* _Data supplied_:
▬▬▬▬▬▬

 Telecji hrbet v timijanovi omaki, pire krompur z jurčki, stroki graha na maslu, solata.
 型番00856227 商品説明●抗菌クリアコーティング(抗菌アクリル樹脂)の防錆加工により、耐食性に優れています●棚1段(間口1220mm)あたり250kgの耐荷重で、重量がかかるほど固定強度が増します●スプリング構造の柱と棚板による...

▬▬▬▬▬▬

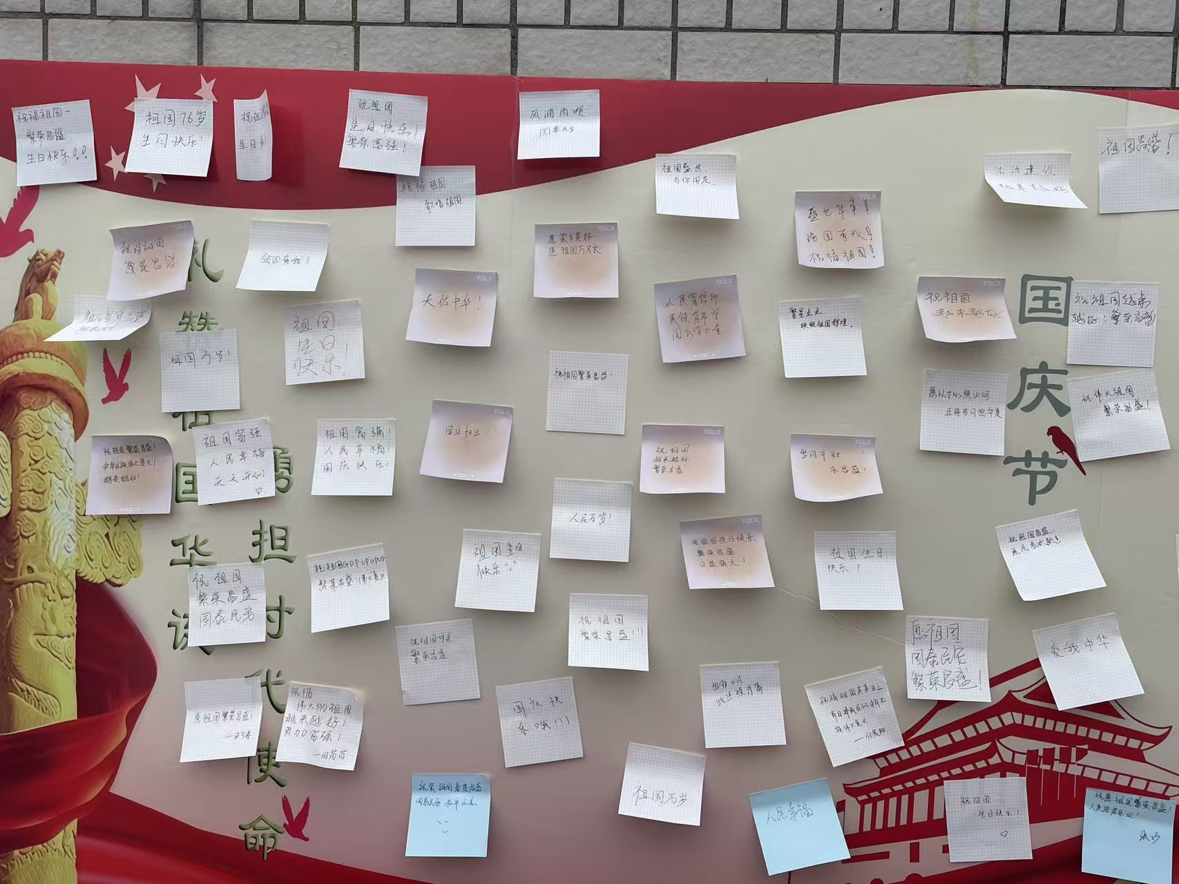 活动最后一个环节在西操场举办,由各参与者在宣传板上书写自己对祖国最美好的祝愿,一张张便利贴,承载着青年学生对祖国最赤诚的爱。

▬▬▬▬▬▬

* _Work instruction_:
Look above for the line with "Telecji hrbet v" and the line with "型番00856227 商品説"; transcribe both and all lines in between, exactly, and nothing else.

* _Answer to this exercise_:
 Telecji hrbet v timijanovi omaki, pire krompur z jurčki, stroki graha na maslu, solata.
 型番00856227 商品説明●抗菌クリアコーティング(抗菌アクリル樹脂)の防錆加工により、耐食性に優れています●棚1段(間口1220mm)あたり250kgの耐荷重で、重量がかかるほど固定強度が増します●スプリング構造の柱と棚板による...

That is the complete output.